→ **Excerpted data**

--------------------------------

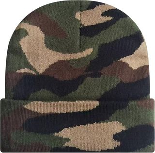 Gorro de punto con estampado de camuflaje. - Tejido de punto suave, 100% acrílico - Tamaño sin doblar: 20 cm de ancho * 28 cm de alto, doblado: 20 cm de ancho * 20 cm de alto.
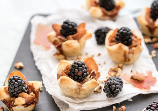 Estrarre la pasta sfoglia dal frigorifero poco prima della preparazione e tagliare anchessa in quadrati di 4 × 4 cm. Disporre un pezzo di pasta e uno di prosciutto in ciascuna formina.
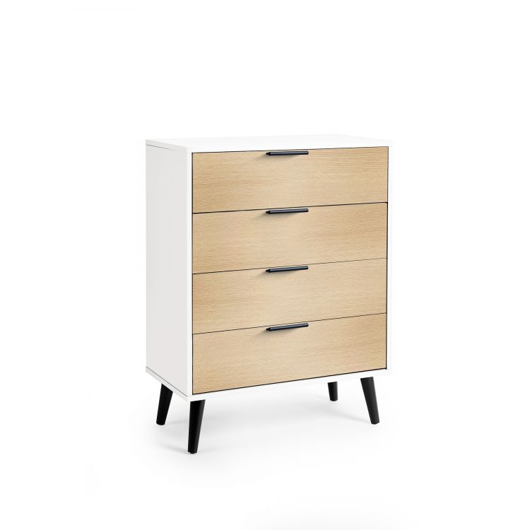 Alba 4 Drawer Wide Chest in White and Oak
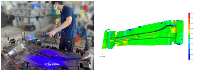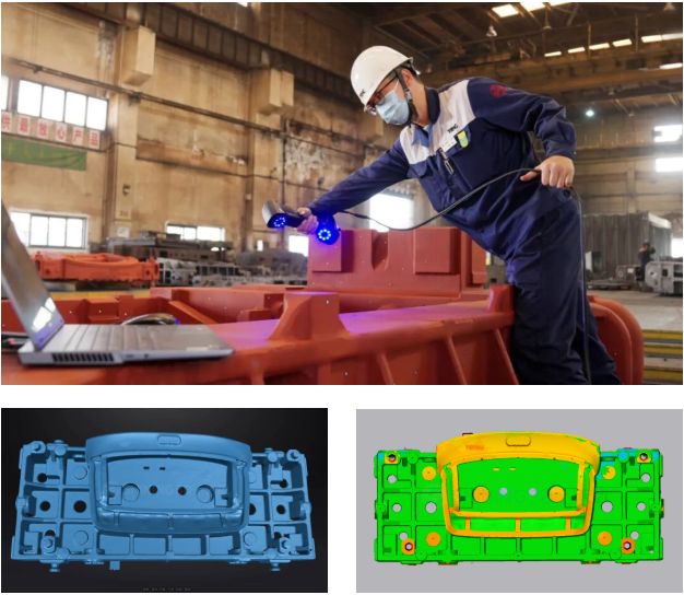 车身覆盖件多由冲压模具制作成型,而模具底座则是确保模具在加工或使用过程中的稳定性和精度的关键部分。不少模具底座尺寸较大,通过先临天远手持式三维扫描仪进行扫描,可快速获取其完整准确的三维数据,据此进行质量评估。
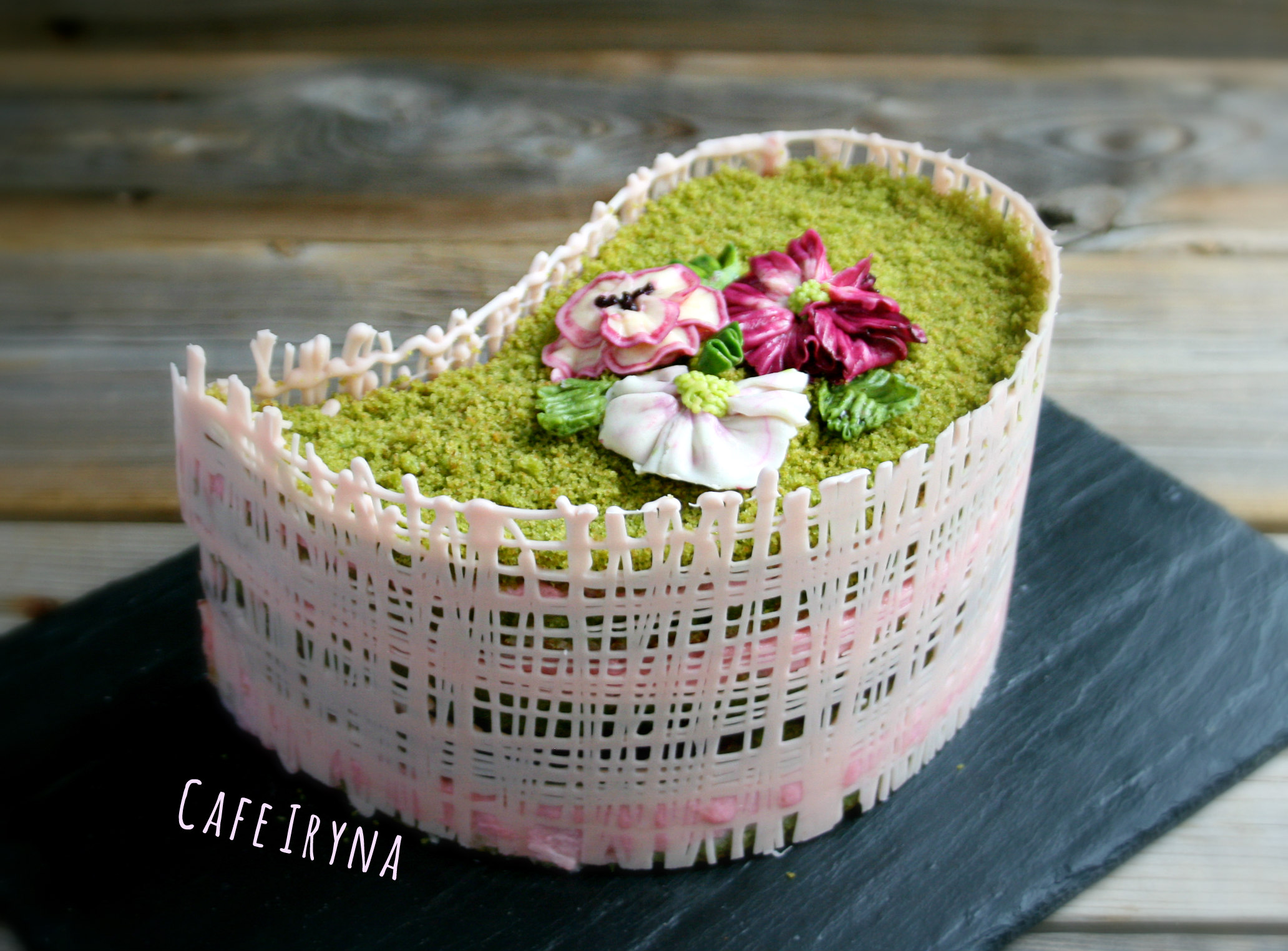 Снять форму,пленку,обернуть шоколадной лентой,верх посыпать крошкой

--------------------------------

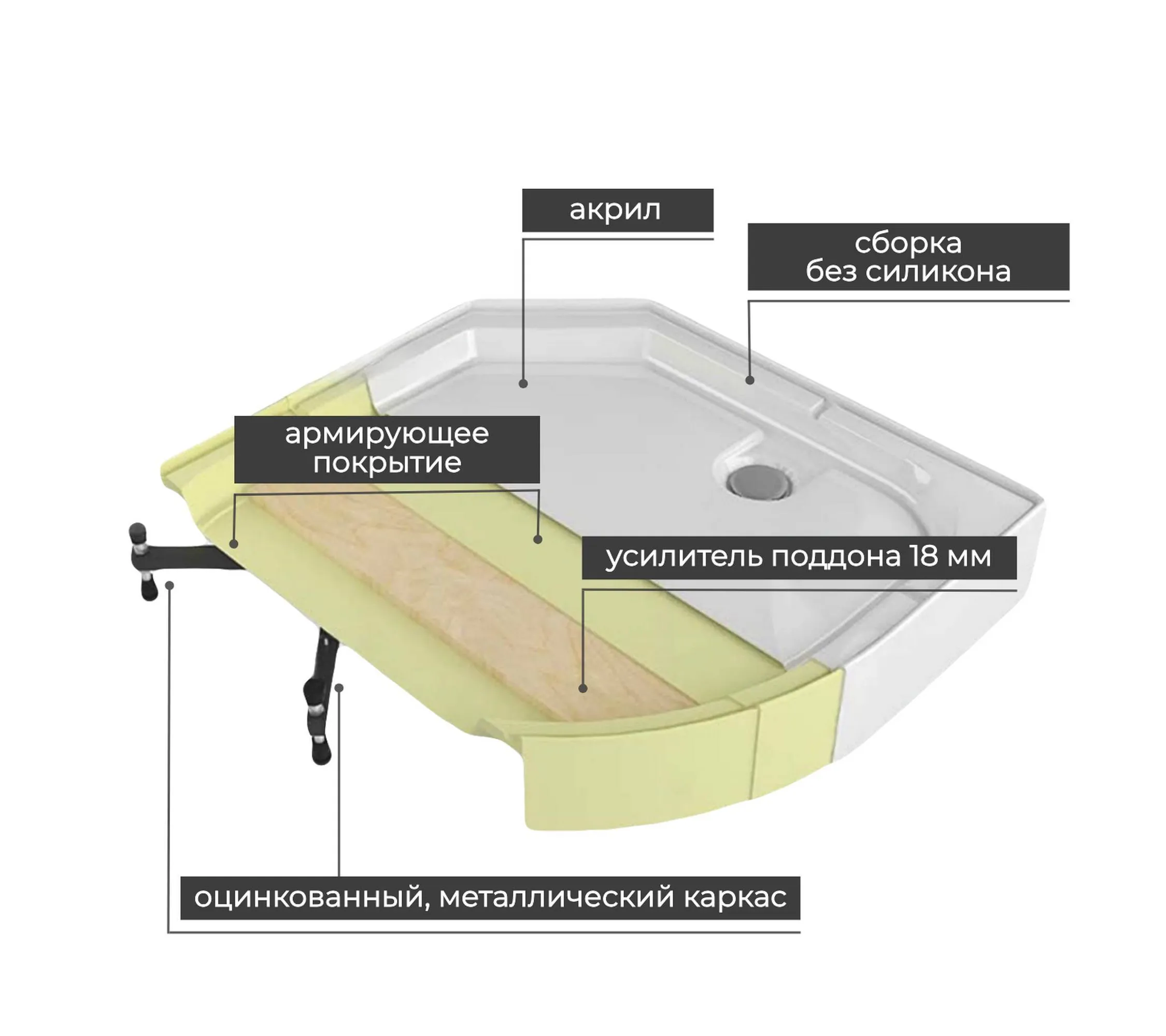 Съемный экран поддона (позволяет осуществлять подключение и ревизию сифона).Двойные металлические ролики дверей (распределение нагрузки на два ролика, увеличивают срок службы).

--------------------------------

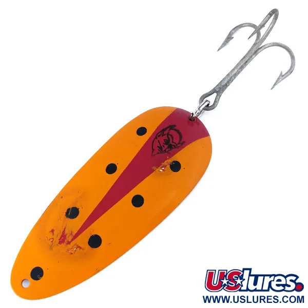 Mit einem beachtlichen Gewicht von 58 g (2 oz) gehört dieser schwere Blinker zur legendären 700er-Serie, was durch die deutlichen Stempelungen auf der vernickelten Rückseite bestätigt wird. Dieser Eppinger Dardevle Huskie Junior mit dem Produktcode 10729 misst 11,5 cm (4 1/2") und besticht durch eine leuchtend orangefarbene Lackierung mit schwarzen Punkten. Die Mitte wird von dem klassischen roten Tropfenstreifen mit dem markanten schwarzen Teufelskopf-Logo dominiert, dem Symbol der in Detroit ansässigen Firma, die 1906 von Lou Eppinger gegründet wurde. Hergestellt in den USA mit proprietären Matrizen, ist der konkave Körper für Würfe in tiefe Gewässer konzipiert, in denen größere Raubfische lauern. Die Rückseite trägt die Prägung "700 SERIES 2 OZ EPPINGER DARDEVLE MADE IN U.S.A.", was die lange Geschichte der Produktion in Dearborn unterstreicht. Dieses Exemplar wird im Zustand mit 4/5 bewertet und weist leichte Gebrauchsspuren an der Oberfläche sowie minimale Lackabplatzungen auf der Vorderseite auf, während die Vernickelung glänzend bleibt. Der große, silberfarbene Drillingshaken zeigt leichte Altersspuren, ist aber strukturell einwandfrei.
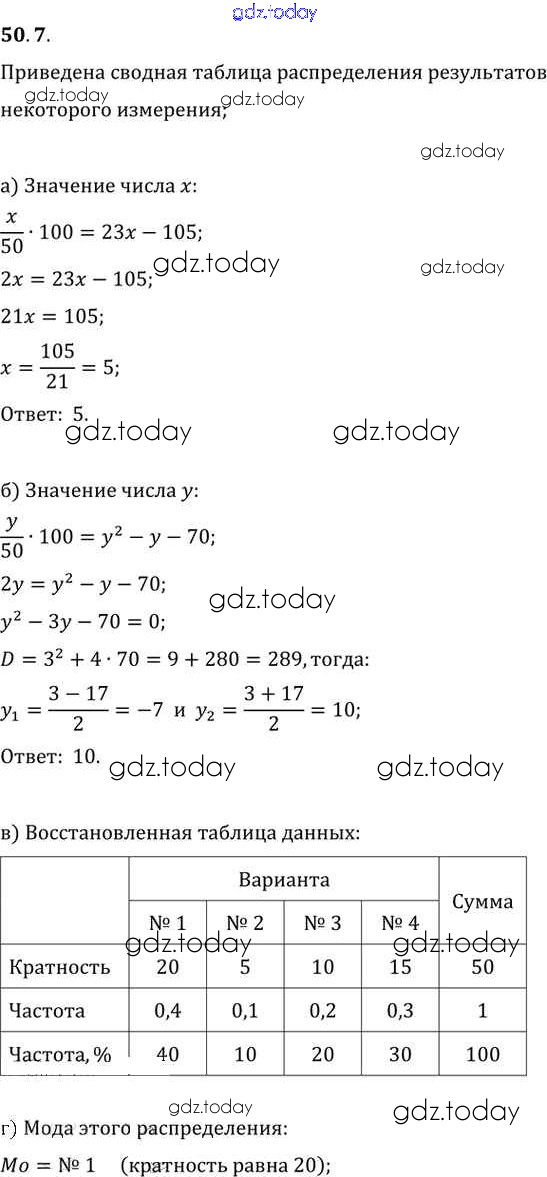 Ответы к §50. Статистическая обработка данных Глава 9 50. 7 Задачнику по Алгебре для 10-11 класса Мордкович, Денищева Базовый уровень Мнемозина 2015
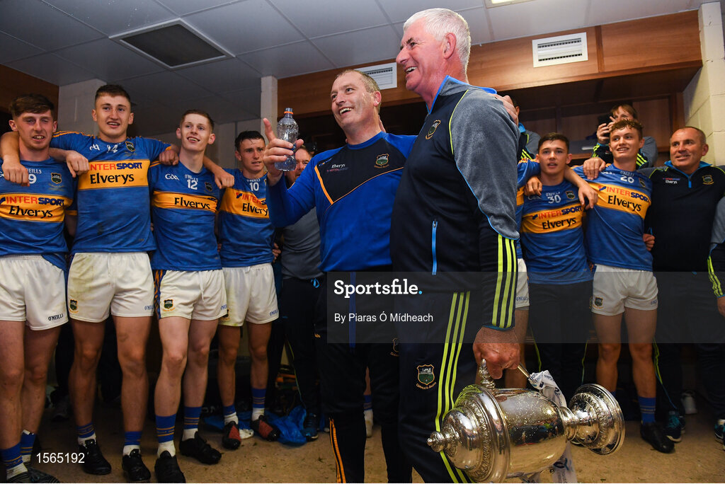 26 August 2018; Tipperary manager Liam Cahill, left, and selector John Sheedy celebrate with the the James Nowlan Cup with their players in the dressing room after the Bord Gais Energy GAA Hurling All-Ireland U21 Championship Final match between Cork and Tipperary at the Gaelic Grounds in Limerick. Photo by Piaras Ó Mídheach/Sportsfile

--------------------------------

→ **Work to complete**
In the listing above, find the line containing "Gorro de punto" and the line containing "Alba 4 Drawer Wide Chest in White and Oak". Print those two lines and every line between them exactly, with no pictures.

→ **Problem solution**
 Gorro de punto con estampado de camuflaje. - Tejido de punto suave, 100% acrílico - Tamaño sin doblar: 20 cm de ancho * 28 cm de alto, doblado: 20 cm de ancho * 20 cm de alto.
 Estrarre la pasta sfoglia dal frigorifero poco prima della preparazione e tagliare anchessa in quadrati di 4 × 4 cm. Disporre un pezzo di pasta e uno di prosciutto in ciascuna formina.
 Alba 4 Drawer Wide Chest in White and Oak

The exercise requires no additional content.